> _TASK DESCRIPTION_:
The lines to repeat are those below from the one containing "(色とサイズ選択可) レディース ダブルブレスト" down to the one containing "Sumptuously soft, the", both included; reproduce them exactly and nothing else.

> _EXTRACTED INFORMATION_:
========
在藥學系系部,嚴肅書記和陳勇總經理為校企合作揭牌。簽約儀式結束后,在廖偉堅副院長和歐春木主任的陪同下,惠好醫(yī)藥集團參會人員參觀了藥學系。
========
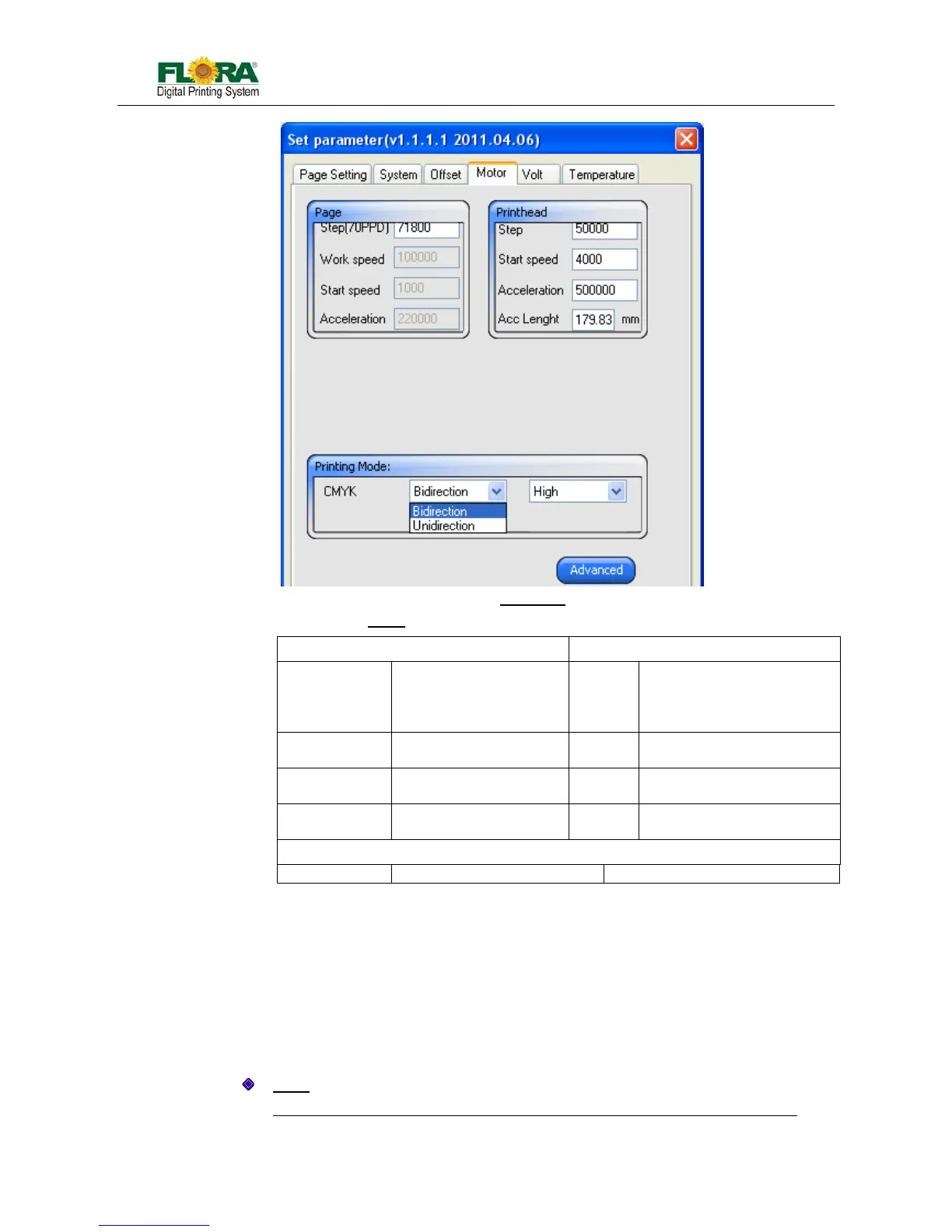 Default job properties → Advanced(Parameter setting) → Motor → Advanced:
========
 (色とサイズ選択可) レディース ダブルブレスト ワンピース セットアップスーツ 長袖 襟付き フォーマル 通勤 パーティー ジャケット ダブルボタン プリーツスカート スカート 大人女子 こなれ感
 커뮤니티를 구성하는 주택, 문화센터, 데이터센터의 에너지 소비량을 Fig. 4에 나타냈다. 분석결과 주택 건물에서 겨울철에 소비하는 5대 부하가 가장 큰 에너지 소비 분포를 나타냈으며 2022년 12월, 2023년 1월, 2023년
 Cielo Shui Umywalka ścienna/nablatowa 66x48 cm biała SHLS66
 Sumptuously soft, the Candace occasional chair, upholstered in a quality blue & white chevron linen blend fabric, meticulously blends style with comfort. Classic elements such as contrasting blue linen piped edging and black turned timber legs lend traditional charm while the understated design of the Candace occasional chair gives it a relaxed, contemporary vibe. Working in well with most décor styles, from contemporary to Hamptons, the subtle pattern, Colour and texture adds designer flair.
========
> _OUTPUT OF THE EXERCISE_:
 (色とサイズ選択可) レディース ダブルブレスト ワンピース セットアップスーツ 長袖 襟付き フォーマル 通勤 パーティー ジャケット ダブルボタン プリーツスカート スカート 大人女子 こなれ感
 커뮤니티를 구성하는 주택, 문화센터, 데이터센터의 에너지 소비량을 Fig. 4에 나타냈다. 분석결과 주택 건물에서 겨울철에 소비하는 5대 부하가 가장 큰 에너지 소비 분포를 나타냈으며 2022년 12월, 2023년 1월, 2023년
 Cielo Shui Umywalka ścienna/nablatowa 66x48 cm biała SHLS66
 Sumptuously soft, the Candace occasional chair, upholstered in a quality blue & white chevron linen blend fabric, meticulously blends style with comfort. Classic elements such as contrasting blue linen piped edging and black turned timber legs lend traditional charm while the understated design of the Candace occasional chair gives it a relaxed, contemporary vibe. Working in well with most décor styles, from contemporary to Hamptons, the subtle pattern, Colour and texture adds designer flair.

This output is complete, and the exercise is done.